[GOAL OF THE EXERCISE]:
Report every line in the records below that holds the word "Herford".

Collected data:
-=-=-=-=-

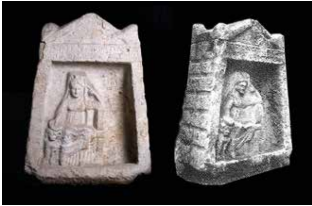
Fotoğraf 10a-10b: Kybele Kabartması, MS 2. yy, İstanbul Arkeoloji Müzesi (İstanbul Arkeoloji Müzesi Arşivi / Naumann 1983: Lev. 44, fig. 4) / Relief of the Cybele, 2nd century AD, İstanbul Archaeology Museum (İstanbul Archaeology Museum Archive / Naumann 1983: Pl. 44, fig. 4)

zamanda Naumann'ın Bithynia Tipi olarak adlandırdığı eserdir (Naumann, 1983, s.256). Kybele yüksek arkalıklı taburesiz bir taht üzerinde oturmaktadır. Başında polos ya da surlu tacı olan tanrıça kendisini saran bir khiton ve başını da örten bir hymation giymektedir. Tanrıça sol kol dirseğini, sol yanında bulunan aslanın üzerine koymuştur. Sol eliyle başını desteklemektedir. Aslan bir sütun kaidesi üstünde oturmaktadır. Aslanın yüzü tam karşıya doğru bakmaktadır. Roma Dönemi'ne tarihlenen heykelcik İstanbul Arkeoloji Müzesi'nde korunmaktadır (Vermaseren, 1987, s.257). Naumann'ın Bithynialı dediği bir başka eserde yine İstanbul Arkeoloji Müzesi'nde korunan naiskos içerisinde yer alan Kybele kabartmasıdır (Foto. 10a). Eser kireçtaşındandır ve Kocaeli-Kandıra'da bulunmuştur. Tanrıça naiskos içinde hafif eğimli oturmaktadır. Naiskosun yan duvarları paralel
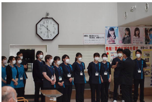
介護老人保健施設 見学
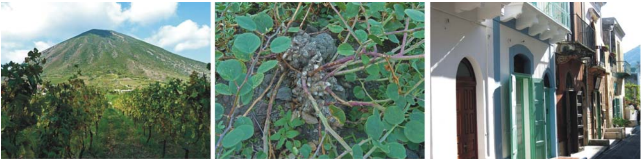
Bilder v.l.: Malvasia Anbau zu Füßen des Monte dei Porri, Kapernpflanze in Kultur, Sträßchen im malerischen Santa Marina Salina

„Panaria, obwohl die kleinste, ist entschieden die anmuthigste unter den Liparischen Inseln, ein wirklich idyllischer Erdenwinkel. Überall sind schöne Vordergründe, überall die kleinen Häuser mit den weißgetünchten Säulen und den schönen Reben-Prieguli, neben welchen entweder ein üppiger Feigenbaum oder ein Johannisbrotbaum steht, und aus denen man die weite Aussicht auf das Meer genießt.“ Erzherzog Ludwig Salvator „Die Liparischen Inseln“ 1895.
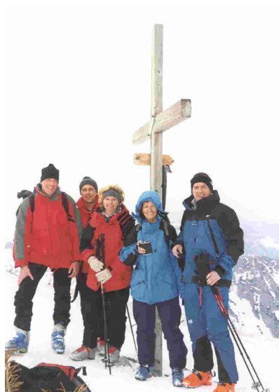
Auf dem Gipfel des Gamsfeld (2.027m)
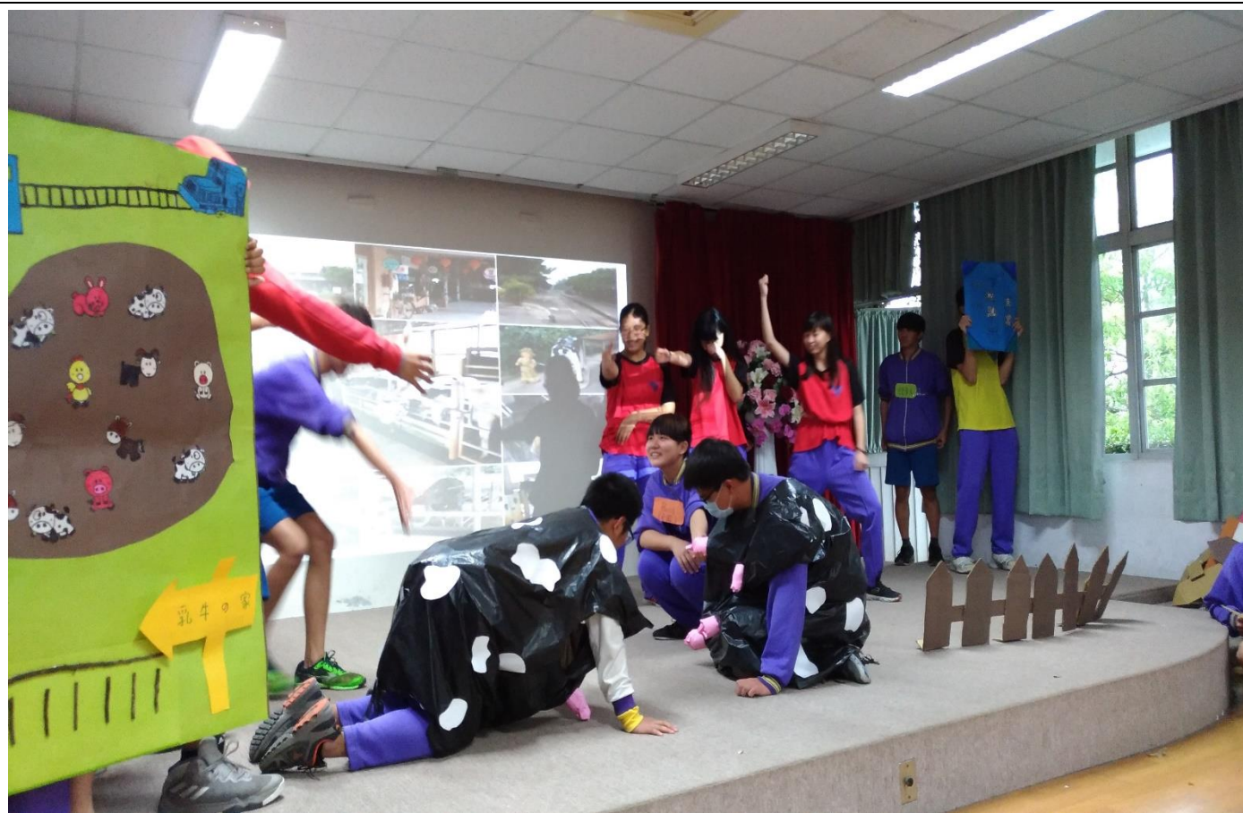
透過戲說查畝營戲劇比賽讓學生認識父母家族生活的社區文化
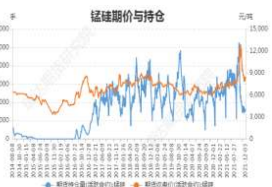
图4：锰硅期价与持仓

截止 12 月 3 日，锰硅期货主力合约收盘价 8264 元/吨，较前一周涨 344 元/吨；锰硅期货主力合约持仓 77502 手，较前一周减 4789 手。
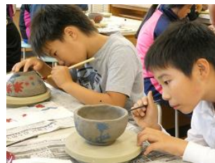
絵付けは一回勝負！
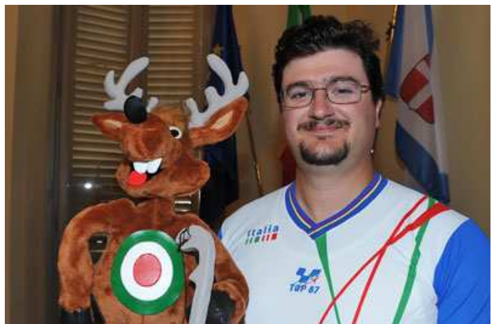
Le champion olympique 2004 Marco GALIAZZO et la mascotte M'arco
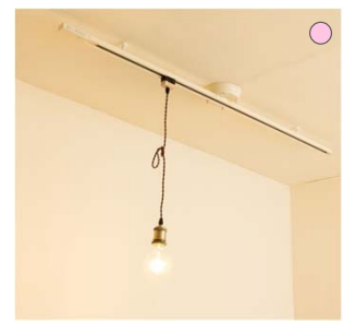
【照明】 ダクトレール + ペンダント トライト ブラック色
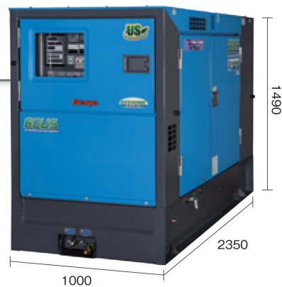
●コントロールパネル/エンジンモニター
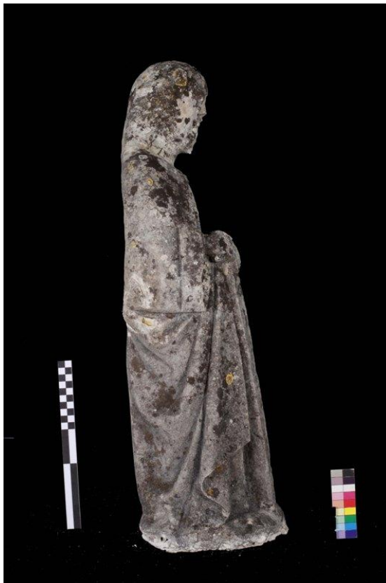
Imagem 6 - São Joaquim lateral direita, antes da intervenção
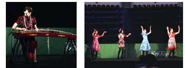
伝統的衣装によるファッションショーや楽器演奏、ダンスなどが披露されました。
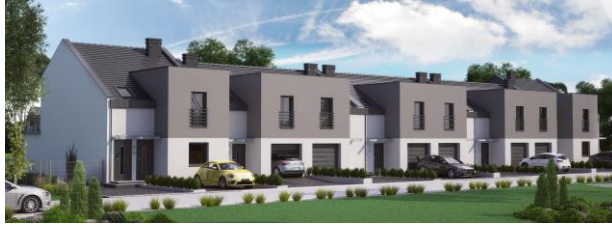
Świąciechowa ul. Warzywna
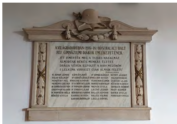
A Lévay József Református Gimnázium hősi halottainak emléktáblája, 1936 (Fotó: Szerző, 2022)

teményében [KÉP]; Papp János: A Szent Imre-szobor története. Kézirat a MVK Helyismereti Gyűjteményében; Mezőkövesdi Újság 1935. 45. sz. 1. o. (nov. 10.), ill. 2001. 10. sz. 5–6. o. (aug. 29.); Köztérkép adatbázis. Ld. még a 33. tételt.
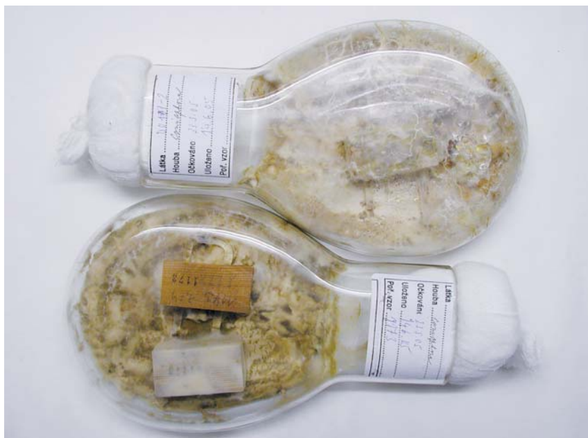
Obr. 2 Zkouška podle ČSN EN 113 preventivní účinnosti proti dřevokazným houbám Basidiomycetes
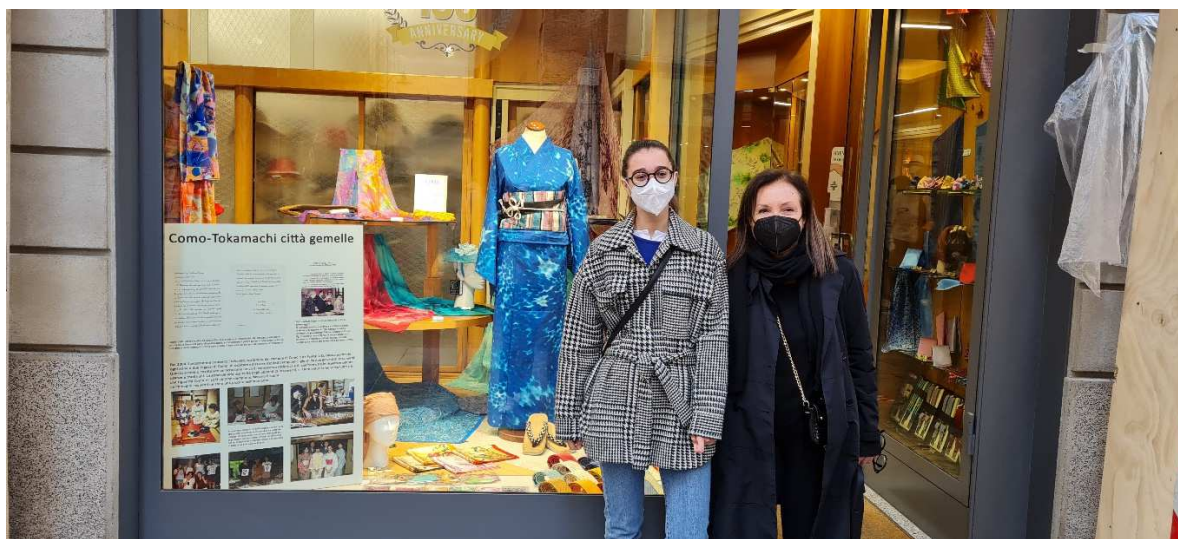
地図番号⑫ 「ピッチ」(老舗シルクストア)の様子
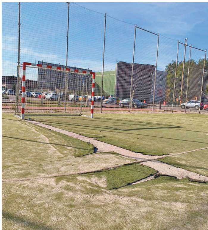
Instalaciones del Francisco Javier Castillejo

Según el PP, el agua corriente de los aseos interiores del pabellón "no es ni transparente ni insípida". "El agua tiene un color marrón y un sabor extraño que invita a pensar en una mala canalización de tuberías", han manifestado, tras asegurar que el agua "no ofrece ninguna garantía de ser potable". Además, los populares han reclamado que se suministre a esta zona deportiva, utilizada por miles de deportistas, agua del
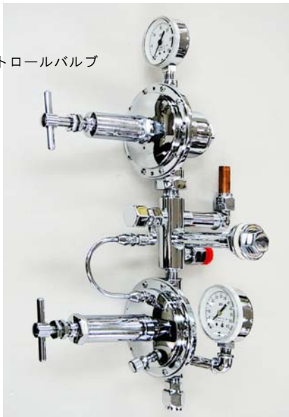
コントロールバルブ
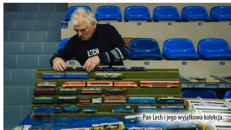
Pan Lech i jego wyjątkowa kolekcja.
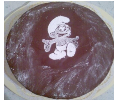
Schlumpftorte (mit handgemaltem Staubzucker-Bild)
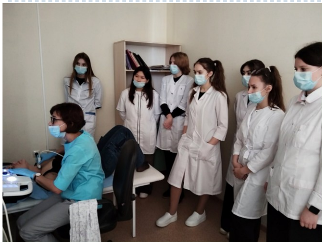
УЗИ щитовидной железы
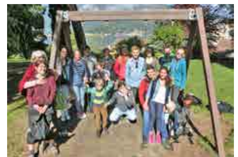
Gruppenfoto in Bellagio am Comersee.

alassistentin, die in der Nähe von Lecco für ein sozialpädagogisches Kinder- und Jugendwohnheim arbeitet, vom Leben und Wirken des Heiligen Girolamo. Sein Einsatz für die Armen und besonders für die benachteiligten Jugendlichen des 16. Jahrhunderts regte uns zum Nachdenken über ein sinnerfülltes Leben an.
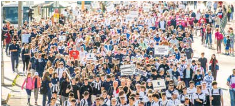
A Petőfi parktól a Bregyó közig tartó hagyományos felvonuláson idén is több ezer sportoló vett részt
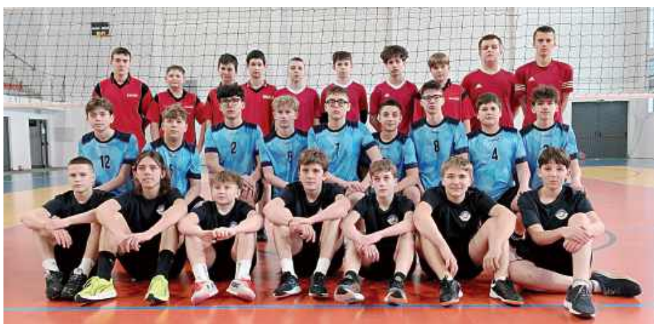
Pamiątkowe zdjęcie wszystkich ekip, które rywalizowały w finale powiatowym w siatkówce

Puchary i dyplomy dla wszystkich uczestniczących drużyn ufundowało Starostwo Powiatowe w Rykach. Organizator rywalizacji przewodniczący Powiatowego Szkolnego Związku Sportowego w Rykach podziękował dyrekcji Centrum Kultury i Sportu w Rykach za udostępnienie hali sportowej, w której odbyły się zawody.
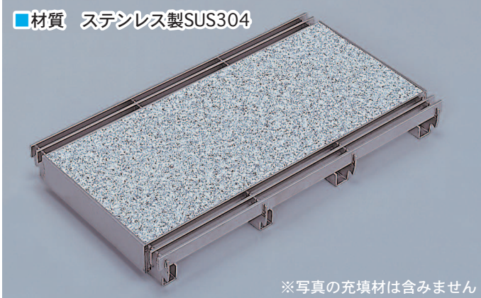
※写真の充填材は含みません
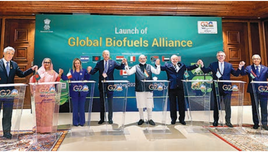
जी 20 शिखर सम्मेलन में अमेरिका के राष्ट्रपति बाइडन, प्रधानमंत्री नरेंद्र मोदी व अन्य।

प्रधानमंत्री ने कहा कि हम एक विकसित भारत के लिए एक मजबूत नींव रख रहे हैं। पीजीआईआई (वैश्विक बुनियादी ढांचे और निवेश के लिए साझेदारी) के माध्यम से, हम ग्लोबल साउथ देशों में बुनियादी ढांचे के अंतर को भरने में महत्वपूर्ण भूमिका निभा सकते हैं। भारत कनेक्टिविटी को क्षेत्रीय सीमाओं तक सीमित नहीं करता है। हमारा विश्वास है कि कनेक्टिविटी आपसी विश्वास को मजबूत करने में महत्वपूर्ण भूमिका निभा सकती है। ग्लोबल साउथ शब्द का इस्तेमाल एशिया, अफ्रीका और
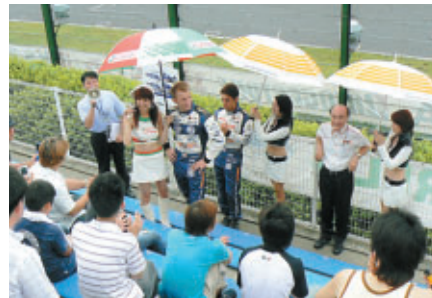
選手・監督・キャンギャルが一堂に
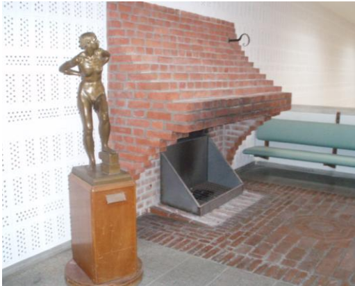
Bild 9. Eldstaden och Morgon på medborgarhuset.

När Morgon först kom till medborgarhuset placerades skulpturen i foajén. 95 Numera står den i andra änden av rummet intill eldstaden.
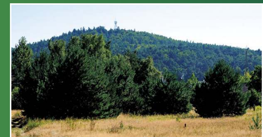
5. Wzgórze Rowokół , objęte ochroną jako rezerwat przyrody, zwane jest również Świętą Górą. W czasach pogańskich stanowiło ono miejsce kultu Pomorzan. Na szczycie wzgórza o wysokości 115 m n.p.m. z wieży widokowej podziwiać można panoramę okolicy.
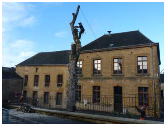
C'est avec une certaine nostalgie que la plupart d'entre-nous ont vu disparaître ce grand seigneur centenaire qui a connu tant d'évènements. Nombreux, étaient ceux de la petite enfance à jouer autour de lui. Hélas, à la fin de sa vieillesse, nous avons dû l'abatre pour sa dangerosité.
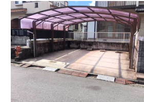
カーポート2台分あります！
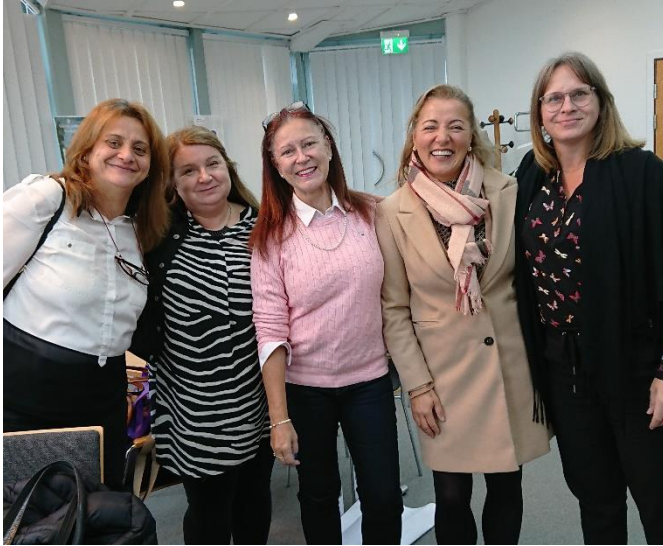
Några av de glada deltagarna på Schyst arbetsliv.

I avdelningens regi har det sen sist varit två utbildningar; Schyst arbetsliv och ombuds- och skyddsombudsutbildning.
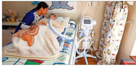
REGISTRO.— En Chile hay, a la fecha, casi diez mil pacientes electrodependientes registrados en la Superintendencia de Electricidad y Combustibles que requieren de diferentes máquinas para vivir.

luz, y la principal crítica que se repite es que hubo demora en la entrega de generadores de emergencia a los pacientes.
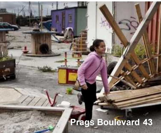
Prags Boulevard 43
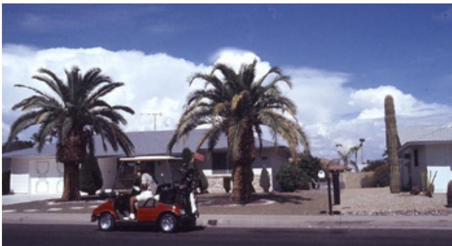
Der Golfwagen als Fortbewegungsmittel in Sun City/Phoenix

50 % der US-Bewohner lebten 2000 nicht auf dem Lande und nicht in der Stadt, sondern in Vorstädten.
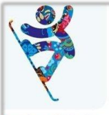
Сноуборд - Хафпайп
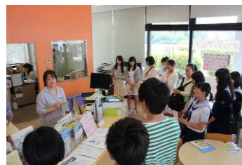
ボランティアセンターで説明を受けました。
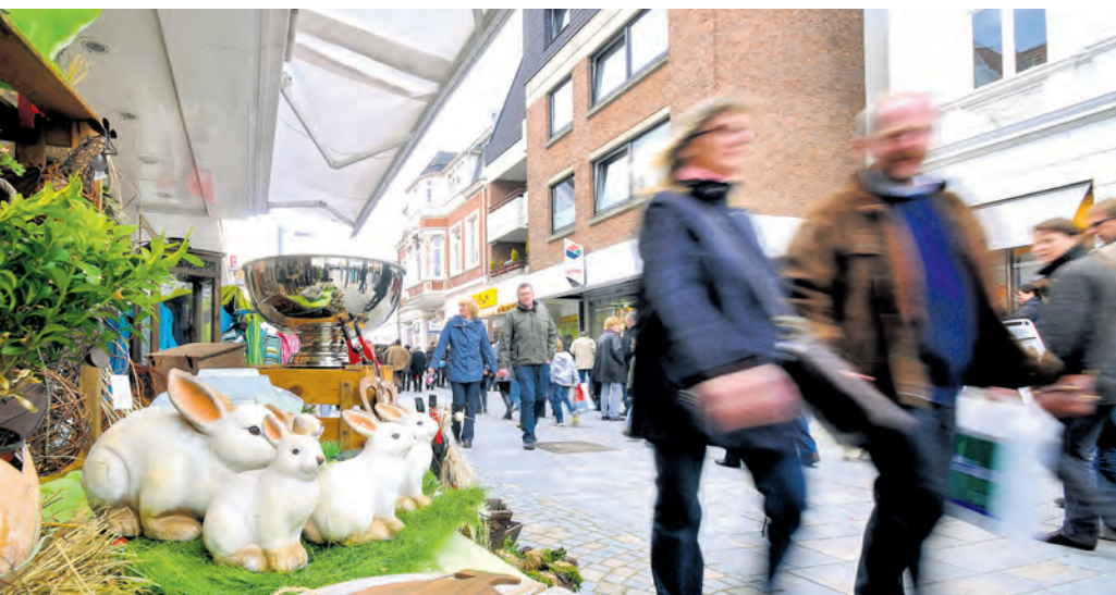
Ein gutes Ostergeschäft könnten die Einzelhändler im Kreis Herford dringend brauchen: Derzeit belastet die anhaltende Kaufzurückhaltung die Umsätze der Läden massiv.

Viele Herausforderungen, geopolitische Unsicherheiten, deutliche Unterschiede zwischen den Branchen und eine Mut machende Tendenz: Das sind einige der Ergebnisse der jüngsten IHK-Konjunkturumfrage unter 268 Betrieben und Unternehmen im Kreis Herford.

-=-=-=-=-

[EXERCISE OUTPUT]:
Ein gutes Ostergeschäft könnten die Einzelhändler im Kreis Herford dringend brauchen: Derzeit belastet die anhaltende Kaufzurückhaltung die Umsätze der Läden massiv.
Viele Herausforderungen, geopolitische Unsicherheiten, deutliche Unterschiede zwischen den Branchen und eine Mut machende Tendenz: Das sind einige der Ergebnisse der jüngsten IHK-Konjunkturumfrage unter 268 Betrieben und Unternehmen im Kreis Herford.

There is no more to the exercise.